Long closely associated with guitarist composer Dom Minasi, jazz vocalist Carol Mennie steps out as leader and hits one out of the park. Ms. Mennie revealed her deep alto on the recent Dom Minasi release, Time Will Tell, fashioning Monk's "'Round Midnight" into a darkly-colored ballad. Here, she steers through a collection of originals and standards, all framed by Minasi's keen freedom principle, but kept between the ditches by Ms. Mennie's firm vocal command. The best pieces on the disc are the originals. Minasi's waltz, "Jazz, Jazz, Jazz" has Broadway written all over it. "Brown Eyes" allows the vocalist to explore the troubling dissonance of life, accentuated by the arco bass plaing that introduces the piece. Of the standards, "Willow Weep For Me" is transformed from quasi blues to a well-lite deconstruction. Another Sinatra staple, "In the Wee Small Hours" is again liberated from the saloon and cast in an incredibly fresh setting. Ms. Mennie, where have you been hiding?

Ann Austin
Lost in Your Eyes
Whaling City Sound

Ann Austin possesses a straightforward, muscular vocal style that would have been as at home in the rock arena as it is in the jazz. Back by a standard piano-guitar quartet, Ms. Austin's powerful vocals steer pianist John Harrison's arrangements through an earthy collection of jazz and blues. Austin blows off the slate with her composition "Tell Me Not To Love You" which features some nifty post-bop drumming by Rusty Russo. The blues "Ain't No Use" is given a humid, austere reading, reaching into the song's blues roots. "Black Coffee" and "Ballad of the Sad Young Men" reach backwards into the songbooks of Peggy Lee and Anita O'Day, repositioning the tunes perfectly for reconsideration. Ms. Austin's vocals are so strong and so potent that it took as bright a band as she has to pull off this recording. Paul Good provides the piquant guitar that spices this recording.

Sally Stark
Sally Stark Sings Maxine Sullivan
Self Produced

Maxine Sullivan (1911-1987) had a long and productive career. Discovered by bandleader Claude Thornhill in the late-1930s, Ms. Sullivan was noted for a casual, comfortable delivery that always flattered the lyrics she sang. Enter Sally Stark paying hommage to Ms. Sullivan. Sally Stark shares with her protagonist an easy delivery. Effortless Swing is how I would characterize it. The music is vintage from the 1920s and '30s, Fats Waller and Johnny Mercer. The Waller pieces, "I'm Crazy 'bout my Baby" and "Keepin' Out of Trouble" are vintage. Ms. Stark has brought along some heavyweights to help her. On for the ride are the impeccable trumpeter Warren Vache and the pristine and crystalline guitarist James Chirillo.
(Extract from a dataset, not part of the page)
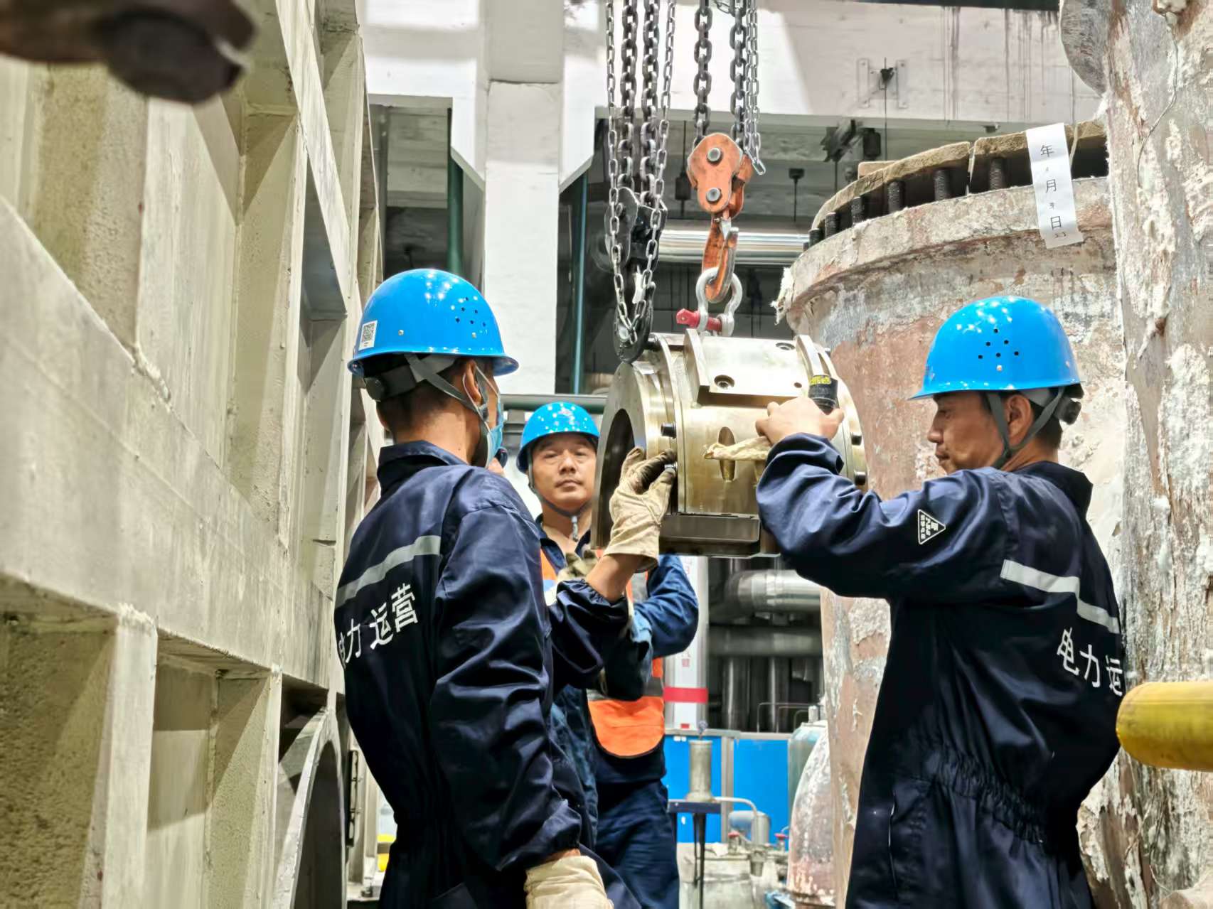 9月5日,#4机12.6米汽轮机本体大修现场,随着起重指挥一声清脆的哨响,行车缓缓运行,吊钩精准移动至指定位置,硕大的外缸刚被平稳提起,5名严阵以待的作业人员立即上前,仔细检查、精心测量,各项工作有条不紊展开……

They combine for a period performance right out of the Twenty-First Century.

Shawnn Monteiro
One Special Night
Whaling City Sound

Shawann Monteiro is joined by Clark Terry for One Special Night, recorded live at Scullers. This is vocal jazz of rarified swing. Supported by her father, bassist Jimmy Woods, trumpeter Clark Terry, pianist John Harrison, III, and drummer Jimmy Cobb, Ms. Monteiro whips through the familiar and unfamiliar. The disc opens with a scorching "The Lamp is Low." The sprite "Blues Medley" is conversational with an appearance of Mumbles Man. This is the high-class blues of the supper club. This is contrasted against the next blues, "Having Chit'lins on the Champs Elysees, Paris," which is a bit more greasy in nature. Monteiro's Godfather, Clark Terry adds his conversation and trumpet to me mix, making for a great deal of entertainment. Thelonious Monk's "Let's Cool One" is a very cool one, indeed, as is the story told before the song. This disc deserves better exposure that it has received, either by me of other writers.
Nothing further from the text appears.